# EXERCISE DIRECTIONS:
Your answer must be exactly the lines from the one containing "也许答案就在被击毁的战车上面" through the end of the material, both ends included, without pictures.

# DATA SEGMENT:

-- -- --

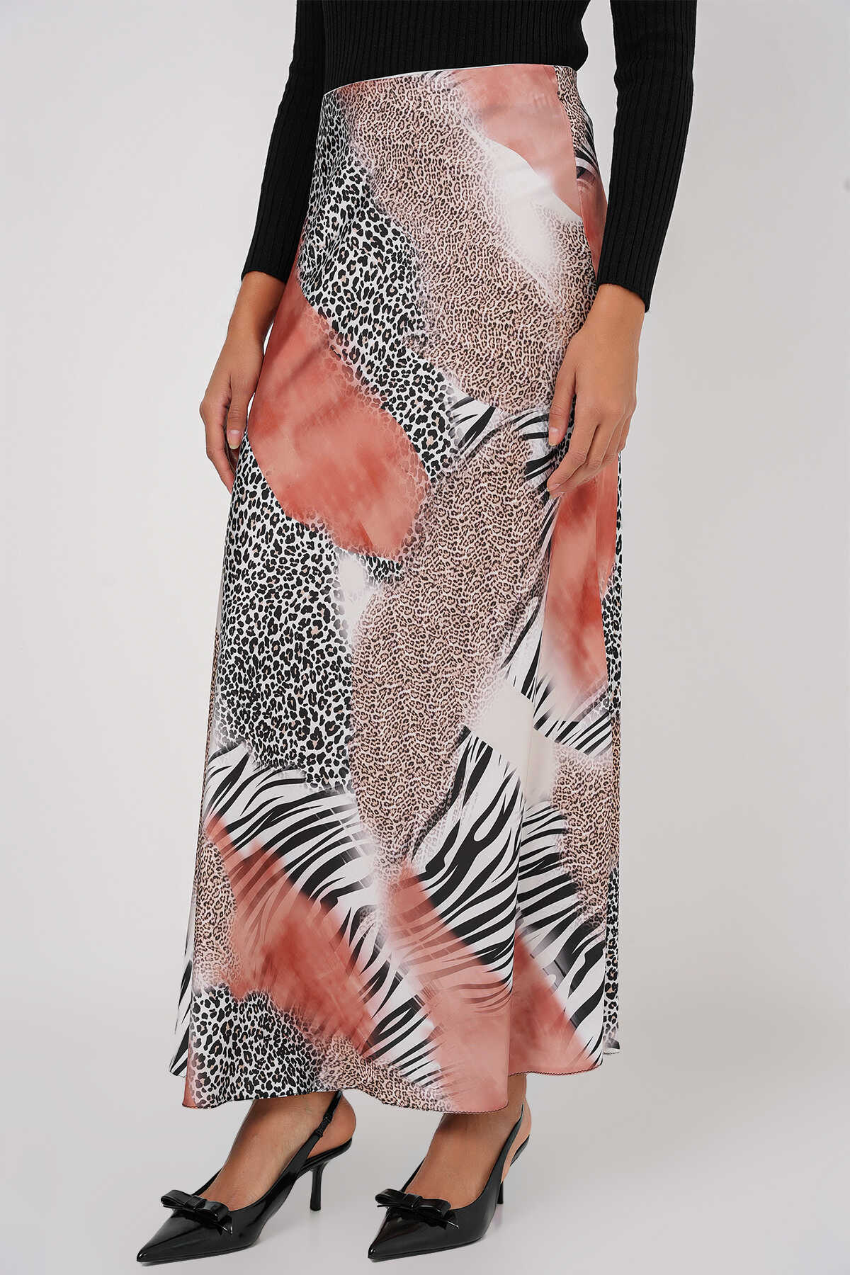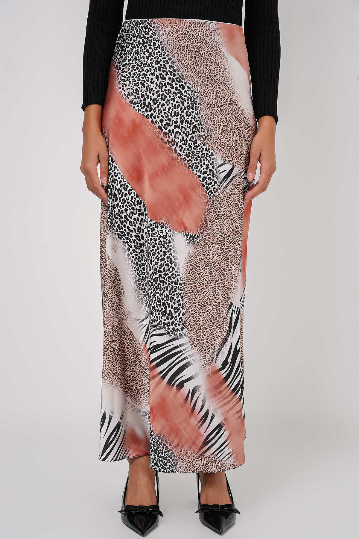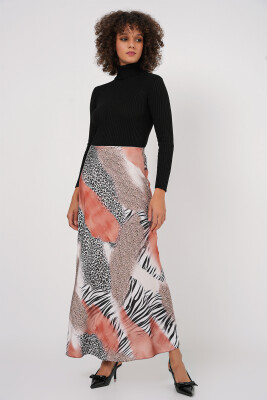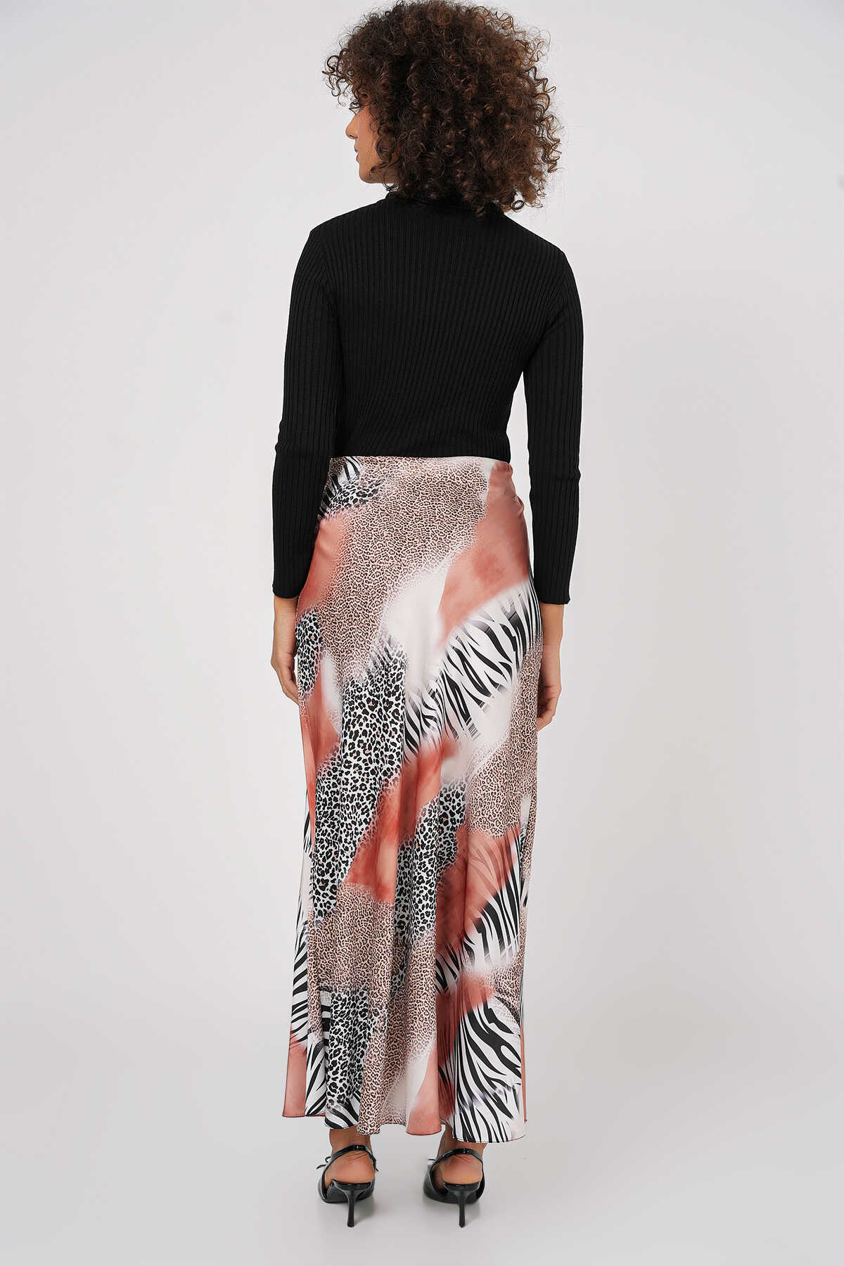 Kadın Desenli Saten Etek 15877 - Turuncu - Kombin
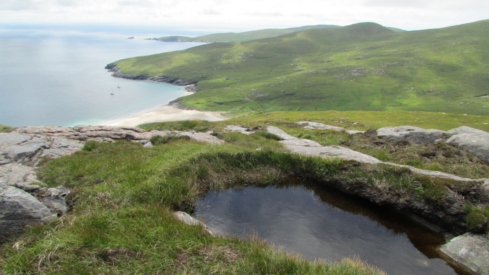 Mingulay is located at the Southern tip of the Outer Hebrides (close to Barra Head, in the Bishop's Isles) and is a mix of high cliffs (the highest point of the island is over 270 m) and gentler slopes covered in heathland and protruding rocks. Wide beaches can be found on the Eastern side, where introduced rabbits graze and dig burrows among the ruins of an old village now deserted. Small reed beds around streams will surprise you in their diversity.
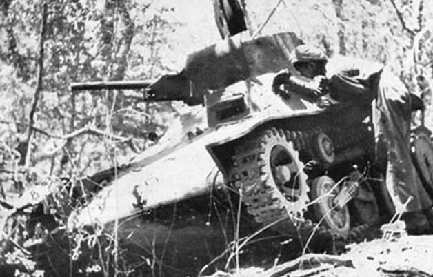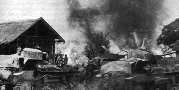 也许答案就在被击毁的战车上面。从照片上看,潘毓昆团长脚踩的那辆战车是一辆日军九七式装甲车,符合日本陆军从海路运输到缅甸,配属到第18师团总部的战车类型。第18师团也有少量九五式坦克,但原本不是自己的,而是借用的第14坦克联队原计划参加英帕尔作战,却掉队的一支部队。他们在追赶部队途中,因为抄近路进入了第18师团防区,被远征军打得焦头烂额的第18师团参谋长片冈衷当即将这些送上门的九五式坦克扣留。这位外号“雷神爷”的参谋长和正全力筹划英帕尔会战的牟田口廉也中将大吵了一场,终于获准“借”用这批坦克。当然,片冈连第14联队的乘员也没有放过,统统留下参战。用现在的说法,应该叫做“湿租”。但这些九五式坦克并没配属到孟关前线,因为它的履带压强比较大,只有被称作“豆坦克”(即袖珍战车)的九七式装甲车,能够在雨季通过日军的简易公路进入胡康河谷。
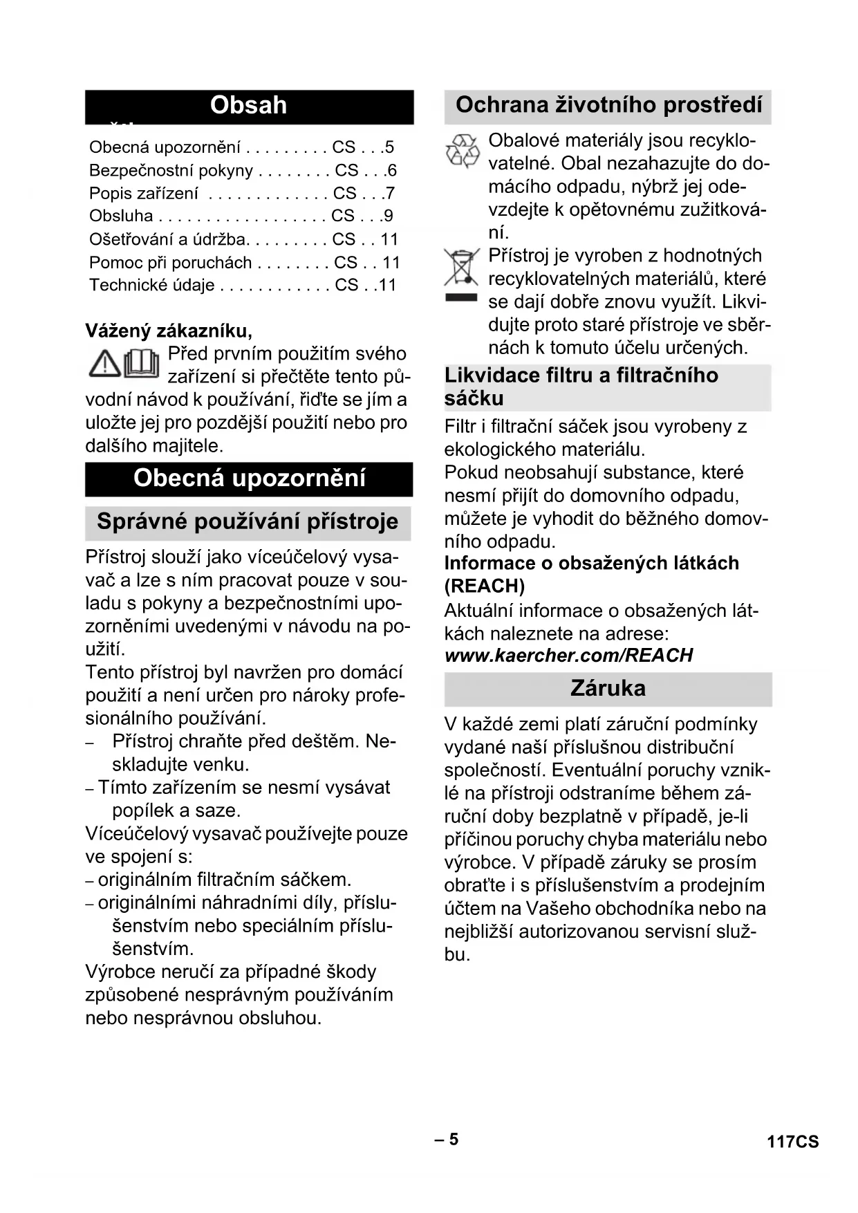 www.kaercher.com/REACH V každé zemi platí záruční podmínky

-- -- --

# ANSWER SECTION:
 也许答案就在被击毁的战车上面。从照片上看,潘毓昆团长脚踩的那辆战车是一辆日军九七式装甲车,符合日本陆军从海路运输到缅甸,配属到第18师团总部的战车类型。第18师团也有少量九五式坦克,但原本不是自己的,而是借用的第14坦克联队原计划参加英帕尔作战,却掉队的一支部队。他们在追赶部队途中,因为抄近路进入了第18师团防区,被远征军打得焦头烂额的第18师团参谋长片冈衷当即将这些送上门的九五式坦克扣留。这位外号“雷神爷”的参谋长和正全力筹划英帕尔会战的牟田口廉也中将大吵了一场,终于获准“借”用这批坦克。当然,片冈连第14联队的乘员也没有放过,统统留下参战。用现在的说法,应该叫做“湿租”。但这些九五式坦克并没配属到孟关前线,因为它的履带压强比较大,只有被称作“豆坦克”(即袖珍战车)的九七式装甲车,能够在雨季通过日军的简易公路进入胡康河谷。
 www.kaercher.com/REACH V každé zemi platí záruční podmínky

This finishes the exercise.